In popular culture[edit]

The theme of internet homicide has proven popular in fiction, with examples seen in books, television shows, and movies, in a number of which the murderer is referred to as "the Internet Killer" by other characters.

The following examples are listed by date order of publication or broadcast; three of them predate the arrest in 2000 of John Edward Robinson, thought by law enforcement to be "the first Internet serial killer":[13]
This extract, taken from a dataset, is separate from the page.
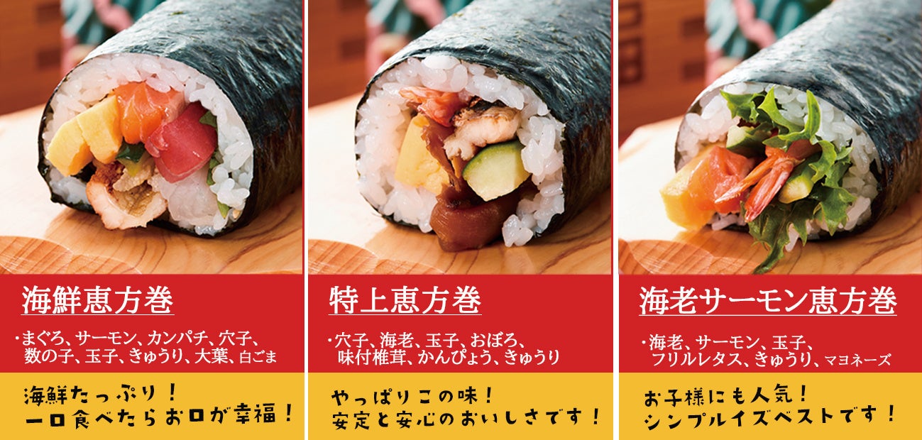 お好みの恵方巻でおいしく楽しく福を招きましょう!

  • The third-season episode of The X-Files titled "2Shy" featured as its monster of the week a fat-eating mutant named Virgil Incanto who seduced overweight women online and killed them upon meeting in real life.
  • The second season of the TV series Millennium featured an episode called "The Mikado", about a serial killer based loosely upon the Zodiac Killer. The killer would contact people on internet chat groups, kidnap them and then broadcast their death live via a webcam once the site counter reached a certain level.
  • The fifth season of the TV series Criminal Minds featured two episodes involving Internet serial killers. The first, "Risky Business", was about a killer who set up a website encouraging teenagers to engage in auto-erotic asphyxiation in a particularly dangerous manner, tricking them into committing suicide. The second, "The Internet Is Forever", is about a serial killer who sets up hidden cameras in women's homes and strangles them to death while the whole act is being broadcast live on the web for his "fans" to see.
  • Strangeland was a 1998 film written by Dee Snider about a schizophrenic sexual sadist who lures victims via the Internet, forcing them to submit to ancient tribal rituals. "I came up with the idea of Internet crime before anybody had ever committed Internet crime," Snider has said.[76]
  • Homicide: Life on the Street, a television series police drama, featured an extended multi-week storyline in May 1999 in which a character named Luke Ryland was known as "The Internet Killer."
  • FeardotCom was a 2002 movie about a killer internet web site.[77]
  • The Card Player (Il cartaio) was a 2004 film made in Italy; written and directed by Dario Argento, it tells the story of a policewoman from Rome who teams up with a British Interpol agent to track down an internet serial killer who abducts and kills young women and broadcasts the crimes via Internet web cam.[78]
  • Untraceable was a 2008 Sony Pictures film starring Diane Lane in which FBI agent Jennifer Marsh was tasked with hunting down a seemingly untraceable serial killer who posted live videos of his victims on the Internet.[79][80]
  • Downloading Nancy was a 2008 film starring Maria Bello in which unhappy wife Nancy Stockwell decides to end her life by meeting a man over the internet and forming a consensual agreement that he will kill her.
  • In March 2015, during the first week of The Late Late Show with James Corden, host James Corden listed several dozen ways to connect with the show via social media. The list started with "Follow me on Twitter, Like me on Facebook, ..." and ended with "or murder me on Craigslist."
  • American Monster an Investigation Discovery television series documentary-drama episode titled: The Craigslist Killer aired: September 2017, dramatizes the serial killer Richard Beasley's online enticing of multiple men to their deaths.[81][82]

See also[edit]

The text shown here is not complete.